Your decision, however, depends less on what food Chicago makes as much as on what you make of Chicago. For those who like to think of Chicago as a working-class city and hog butcher to the world, who romanticize the neighborhood heritage, with its mom-and-pop stores and street markets, Bobak’s Sausage Company will do fine. Make it a Maxwell Street Polish, named for the market that used to take place there, topped with onions, mustard and peppers. For those who celebrate the tradition of ordering in, at least five stands offer basically the same slice of Chicago-style deep dish pizza. Those that see Chicago as one of the food capitals of the world might appreciate the wine bar and accompanying jazz combo. Even the skeptics who claim that a true Chicagoan would most likely buy groceries can find peace in knowing that one of Chicago’s major supermarkets has built a large presence with several stalls at this year’s Taste.
Still, that nagging question remains: Why am I here? If I were looking for the authentic Chicago, I’ve come to the wrong place. And then I realize this is exactly the point. The Taste provides an escape, not so much to some vacation paradise as to an alternate, dream-version of the city, just as loud and uncomfortable but better.

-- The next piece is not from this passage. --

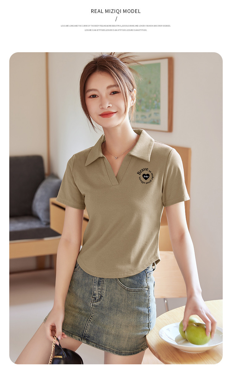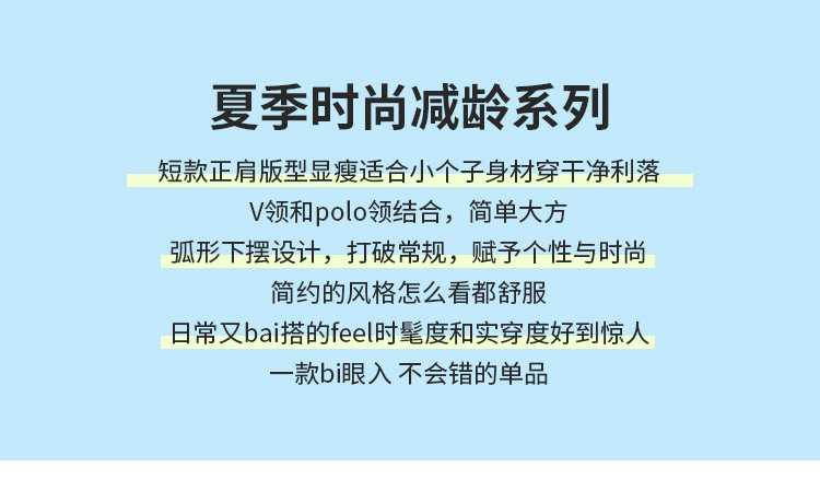 商品名称:米子旗夏季翻领印花T恤女短款修身显瘦简约小个子短袖上衣 108634

American cities do not work the way Taste does. Cars come first on the street, especially a wide, multi-lane one like Columbus Drive, which acts as the main thoroughfare of the festival. But during taste, only pedestrians roam, the stoplights and walk signals unheeded, mere background lighting for the show. And, while the throngs of people hold court, the usually rushed ritual of selecting a meal is lingered over and savored, like the meal itself. A dominant chain is nowhere to be found. McDonald’s is relegated to a side street, and forced to be content with only one location.

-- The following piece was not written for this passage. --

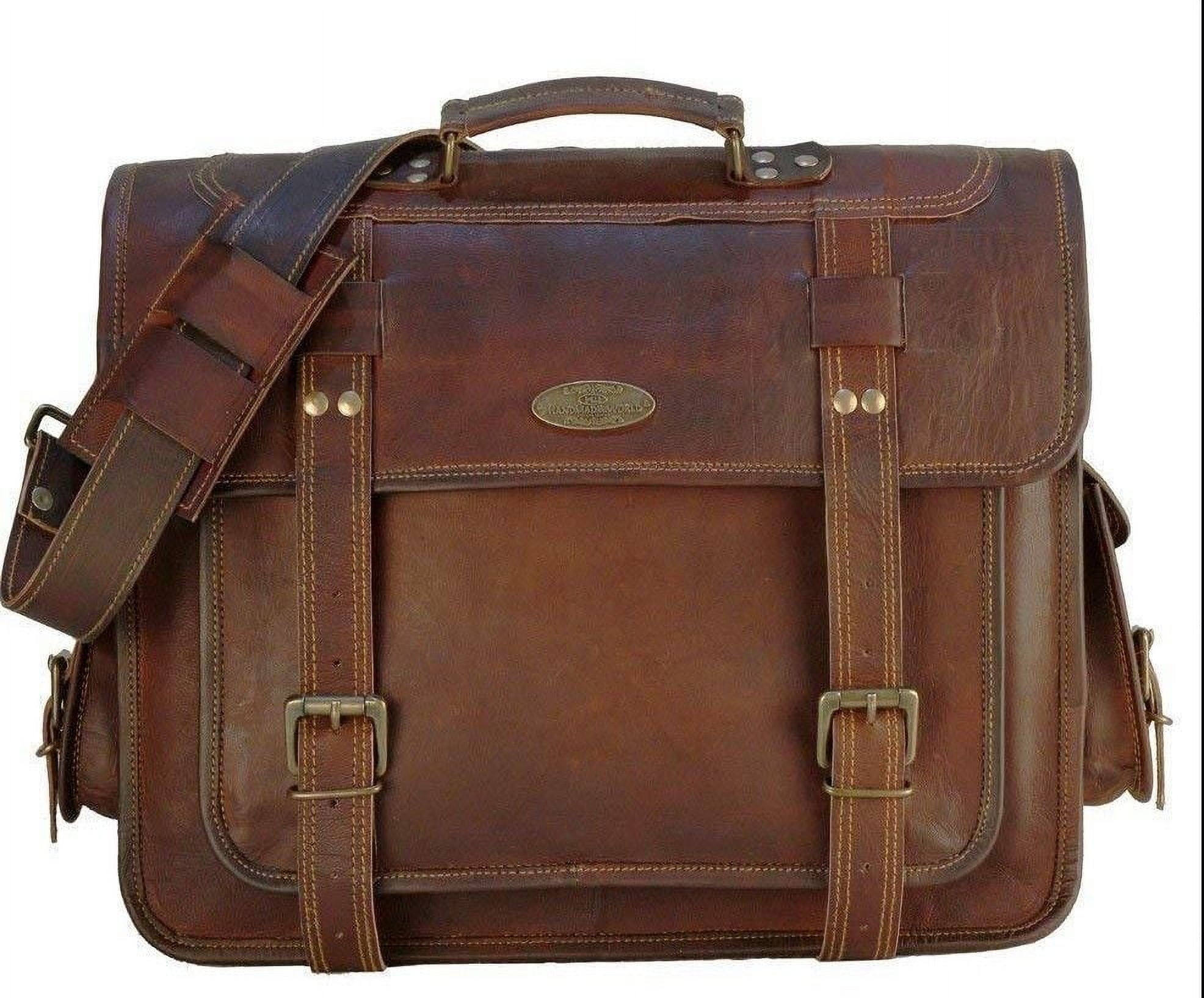 100% Genuine Leather ✔ GENUINE LEATHER: This is a Genuine leather bag for men and women and is made with hands. Leather can last for years without getting damaged and also over time it will give you a vintage look and it will become softer, by the time you start loving this leather briefcase for men and women. ✔ELEGANT DESIGN EASY ACCESS: Now this is one design that can never go out of style. Its design is loved by both women using it as a brown leather laptop bag for women or briefcases for men. In addition, this leather as characteristic ages wonderfully with use which makes the bags look vintage and unique. We have Concealed Push locks under the Main strap which makes it easy and fast to open and lock. ✔ STORAGE: This large messenger bag comes with Size 18″ width x 13″ height x 5″ depth Dedicated 2 padded sleeves 1 at the internal front and 1 at the internal back (Fits 2 laptops up to 17 inches), Main compartment does have enough space for other files/folders even you can carry overnight clothes with 3 zippered compartments 1 internal 1 outside front and 1 backside of the bag to keep things Handy. Also has one big pocket in front of a full-grain bag for cell phone keys or other essentials. This is a Laptop Bag that can fit up to a laptop of screen size 18″ ✔REMOVABLE & ADJUSTABLE STRAP: These leather briefcases for men come with a detachable strap and can be adjusted at the most suitable length. The handle on top makes it an even more comfortable laptop briefcase to carry. ✔ PERFECT GIFT: With a multipurpose use and a classy distressed look that never goes out of style, This leather satchel bag for men is a great leather gift for men ideas for Father’s Day, men’s Birthdays, Valentine’s Day, Christmas, Graduation, Back To College Or Any Occasion Which Calls For A Gift. Great gift for professionals, artists, students, and all sorts of officials. The bag can be used as a crossbody leather satchel for men and women, a man’s laptop case book side bag.

The demography gets reshaped in a way that is just as unlikely. Being the biggest free-admission food festival in the world means that no restaurant can be shunted off from the masses. Chicago remains a notoriously segregated city, but at the Taste, Harold’s Chicken, a south-side mainstay, enjoys a central location, just across from the wine and jazz. Racial and cultural mismatches and misunderstandings occur everywhere at Taste. I watched as a black woman ordered a Polish sausage at Kasia’s, which advertised its “Old World Goodness” (since 1982). The Polish woman behind the counter stared incredulously as her customer asked for the sausage without anything on it—no onions, no kraut. She then looked at me, next in line, with a smile on her face, looking for some sort of empathy for this misguided order. I gave her back what she wanted, a shake of the head in feigned disbelief, all the while scrambling to rethink my order, mentally adding all the toppings after having planned on ordering a sausage with nothing on it.